**EXERCISE DESCRIPTION**. Please retype the data below exactly, stopping after the line with "359 قال بعضهم" and skipping every picture.

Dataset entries
-----

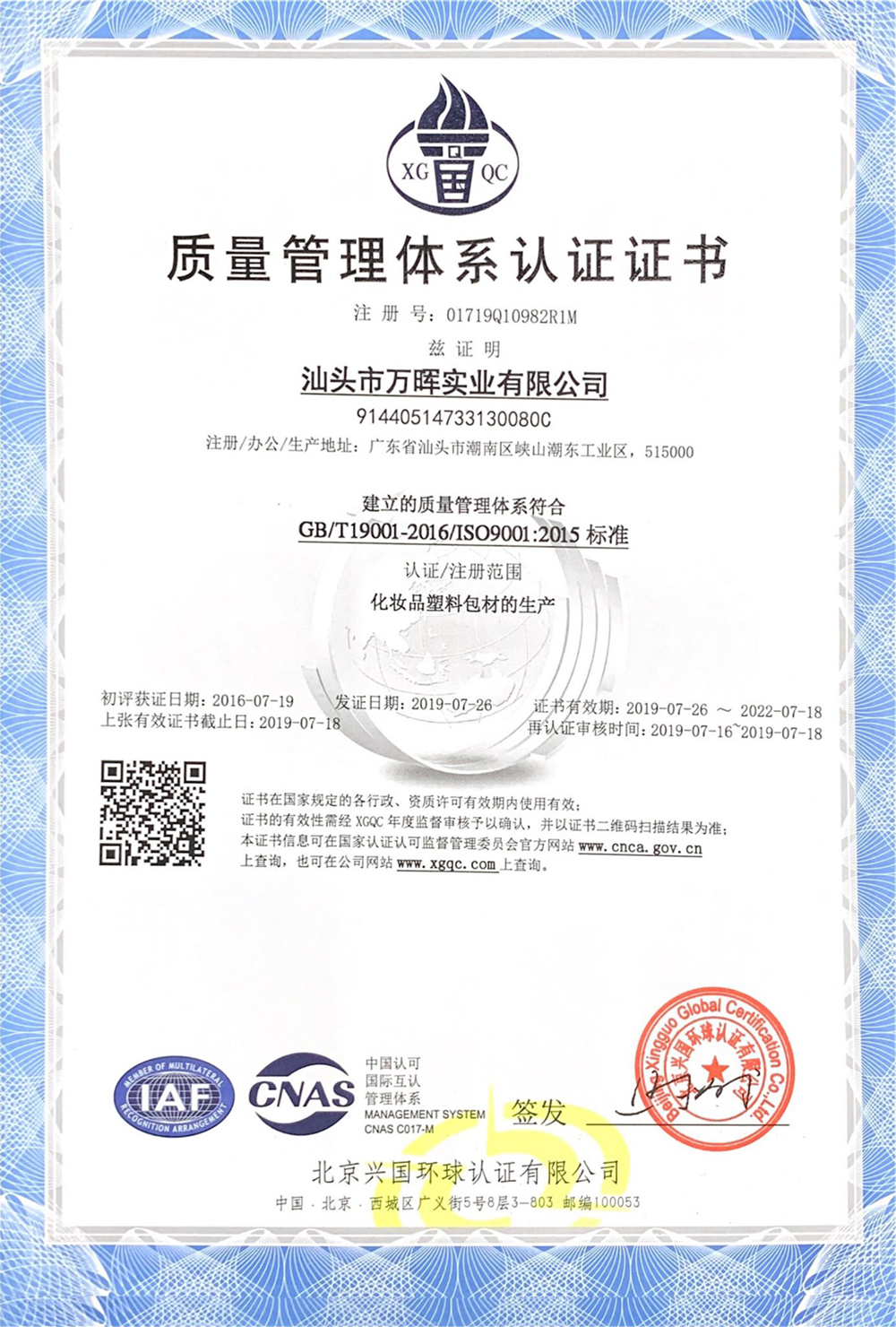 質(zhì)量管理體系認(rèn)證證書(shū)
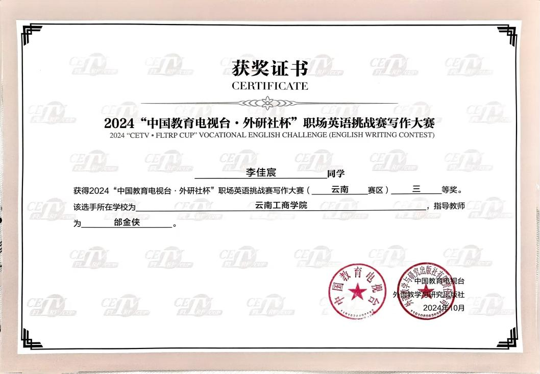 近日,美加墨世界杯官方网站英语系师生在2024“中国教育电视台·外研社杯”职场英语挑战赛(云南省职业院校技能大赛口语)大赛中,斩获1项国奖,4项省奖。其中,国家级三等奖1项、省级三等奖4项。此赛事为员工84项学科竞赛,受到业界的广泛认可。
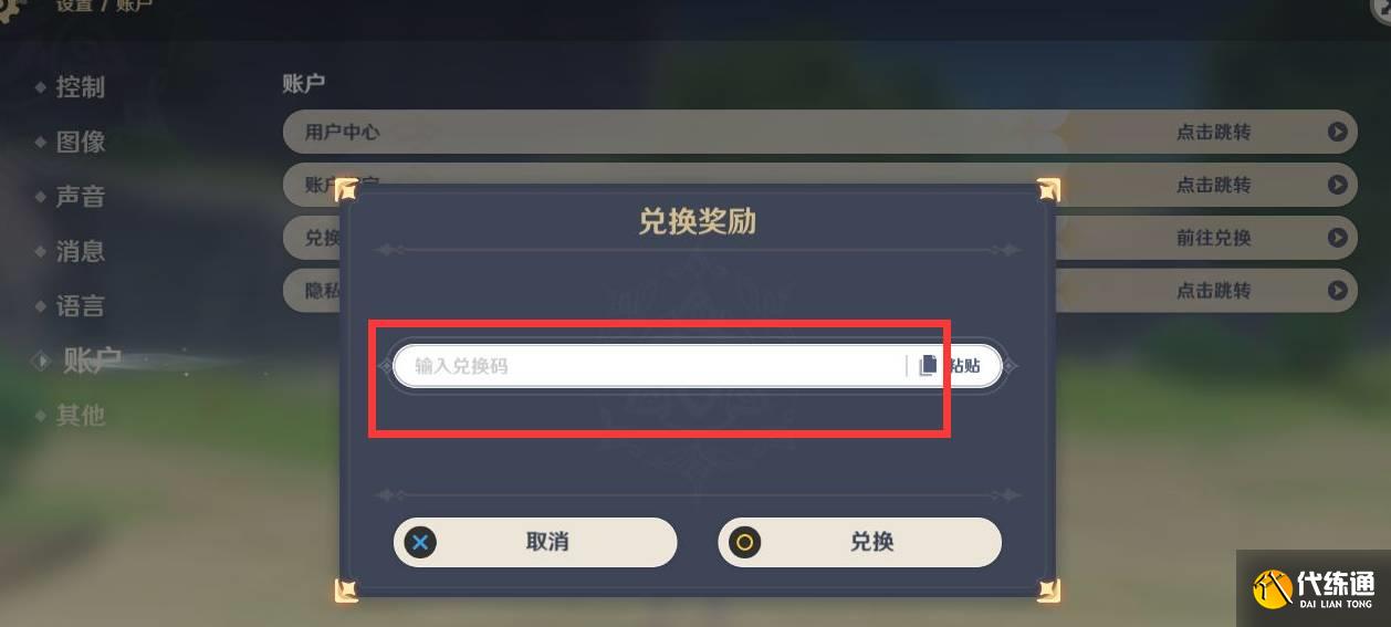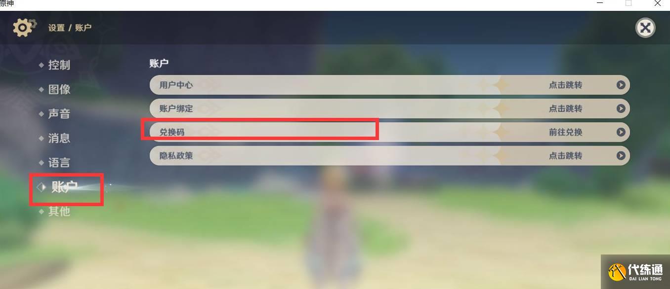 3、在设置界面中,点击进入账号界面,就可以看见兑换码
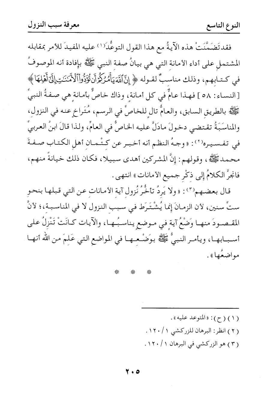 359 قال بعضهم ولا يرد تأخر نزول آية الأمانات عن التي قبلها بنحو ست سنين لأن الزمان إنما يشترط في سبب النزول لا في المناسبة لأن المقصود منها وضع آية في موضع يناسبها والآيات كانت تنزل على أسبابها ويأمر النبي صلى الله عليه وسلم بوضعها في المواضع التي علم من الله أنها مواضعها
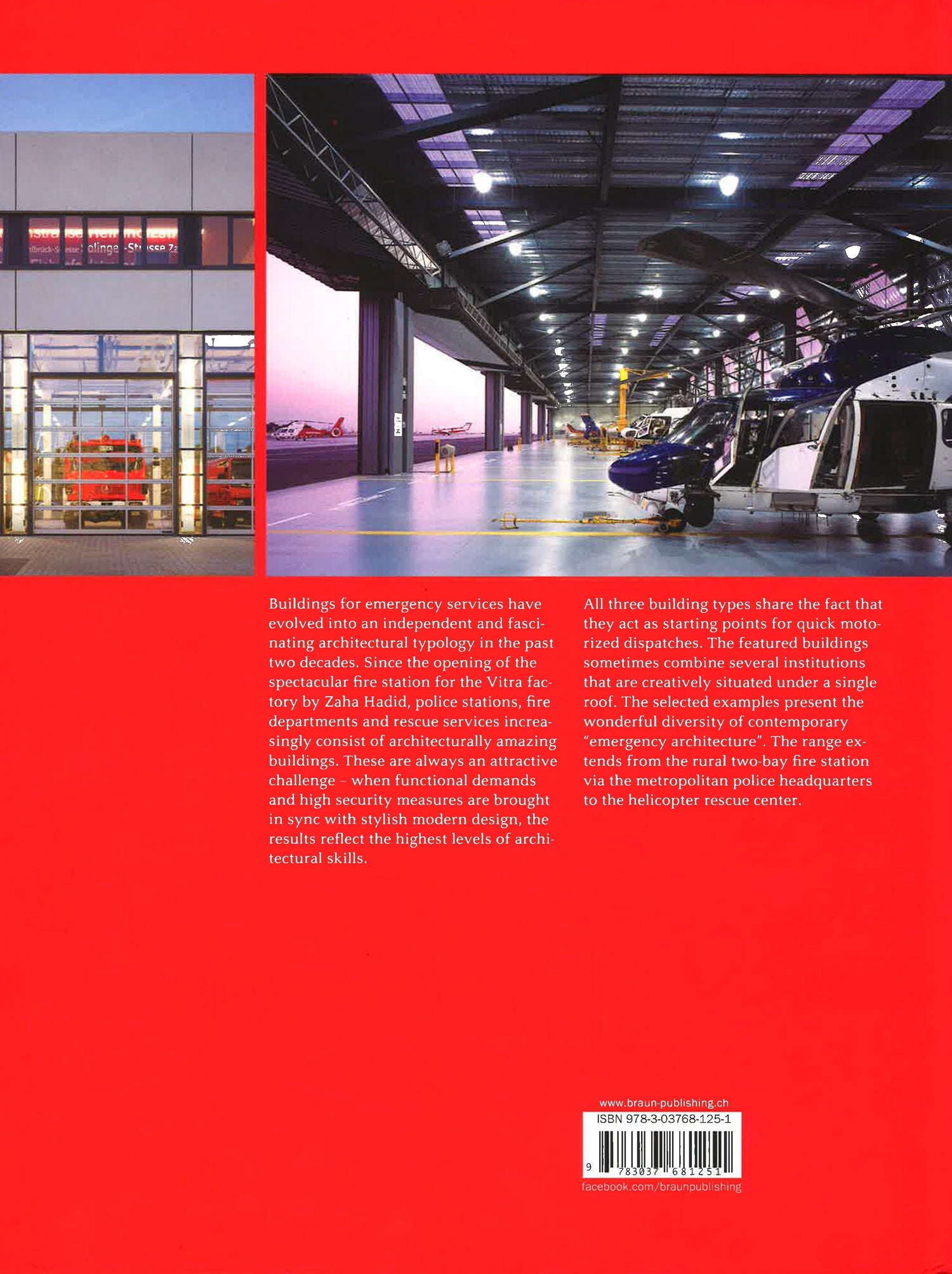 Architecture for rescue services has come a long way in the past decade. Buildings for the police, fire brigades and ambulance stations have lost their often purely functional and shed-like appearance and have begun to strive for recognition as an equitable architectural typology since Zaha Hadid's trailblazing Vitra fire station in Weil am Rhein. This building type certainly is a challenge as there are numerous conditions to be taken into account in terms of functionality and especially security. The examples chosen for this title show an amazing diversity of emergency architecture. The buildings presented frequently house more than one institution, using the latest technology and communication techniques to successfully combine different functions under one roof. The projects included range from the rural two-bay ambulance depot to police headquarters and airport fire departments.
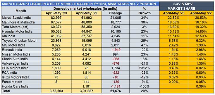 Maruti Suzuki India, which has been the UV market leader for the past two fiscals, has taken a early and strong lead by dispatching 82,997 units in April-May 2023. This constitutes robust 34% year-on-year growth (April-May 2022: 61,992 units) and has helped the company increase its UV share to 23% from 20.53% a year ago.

-----

**RESULT OF THIS TASK**.
 質(zhì)量管理體系認(rèn)證證書(shū)
 近日,美加墨世界杯官方网站英语系师生在2024“中国教育电视台·外研社杯”职场英语挑战赛(云南省职业院校技能大赛口语)大赛中,斩获1项国奖,4项省奖。其中,国家级三等奖1项、省级三等奖4项。此赛事为员工84项学科竞赛,受到业界的广泛认可。
 3、在设置界面中,点击进入账号界面,就可以看见兑换码
 359 قال بعضهم ولا يرد تأخر نزول آية الأمانات عن التي قبلها بنحو ست سنين لأن الزمان إنما يشترط في سبب النزول لا في المناسبة لأن المقصود منها وضع آية في موضع يناسبها والآيات كانت تنزل على أسبابها ويأمر النبي صلى الله عليه وسلم بوضعها في المواضع التي علم من الله أنها مواضعها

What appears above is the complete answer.